Pierre, qui était resté près du poêle, désigna le fond du couloir d'un menton tremblant.
— Il a vu une lumière. Juste avant que vous reveniez. Une lampe torche qui bougeait. Henri a dit que c'était lui, qu'il cherchait le placard des boissons, mais vous étiez dans l'office à ce moment-là.
Les regards convergèrent vers Luc. Henri haussa les épaules, trop théâtral pour être honnête.
— Je me suis trompé de porte, c'est tout. Le chalet est grand, et le vin était… ailleurs. Rien de plus.
Luc le dévisagea, pesant chacun de ses mots. Sur sa poitrine, la carte plastifiée de K. Lévy semblait peser plus lourd que le plomb.
— L'office du fond ? dit-il lentement, choisissant ses mots. Elle était fermée à clé depuis mon arrivée. Si Henri dit qu'il l'a ouverte par erreur, pourquoi était-elle déverrouillée ? Et pourquoi quelqu'un a-t-il coupé la radio et le téléphone satellite qui se trouvaient à l'intérieur ?
Il y eut un silence si total que Luc entendit le générateur tousser dehors.
Henri blêmit.
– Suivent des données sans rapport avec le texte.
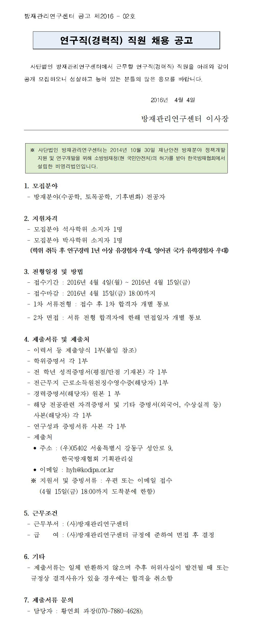 방재관리연구센터 연구직(경력직) 직원 채용 공고 2016-04-04 방재관리센터 연구직 채용공고 지원서 양식.hwp (28672K) 목록보기 이전글김진영 회장, 경기도 재난안전본부 전직원 대상 특강2016.04.18 다음글「제23회 방재의 날」 기념행사 홍보부스 참가협조 요청2016.03.15

Personne ne parla.
À cet instant précis, une plainte sourde monta du toit, suivie d'un craquement sec qui sembla traverser tout le chalet. Les murs vibrèrent brièvement. La neige accumulée glissait par plaques le long des pentes du toit, mais ce bruit venait d'ailleurs — plus proche, plus lourd. Luc se raidit instinctivement, la main sur un étai de bois dont la fissure venait de s'élargir de deux millimètres.
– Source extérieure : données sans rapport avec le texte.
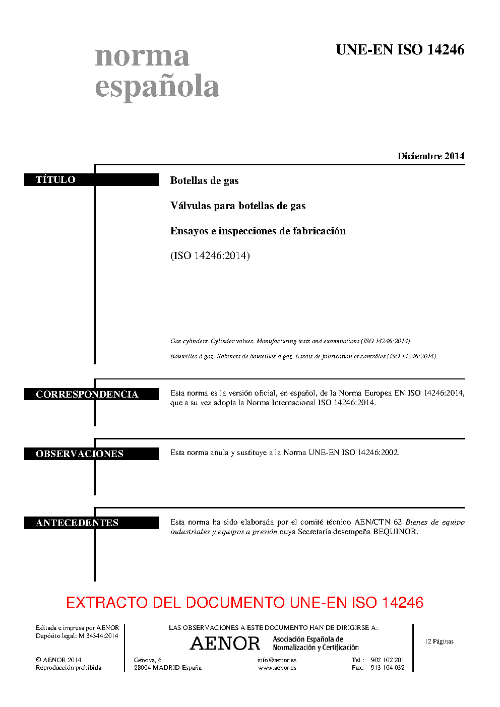 | Publisher | Asociacion Espanola de Normalizacion y Certificacion (AENOR) |

— Qu'est-ce que c'était ? murmura Claire.
Luc, les prunelles braquées sur la poutre maîtresse du salon, vit la fissure traverser le grain du bois comme une veine noire.
— Le deuxième étage est en train de céder, dit-il d'une voix plate.
Et, pour la première fois depuis des journées, il n'était pas sûr d'avoir le temps de réparer quoi que ce soit.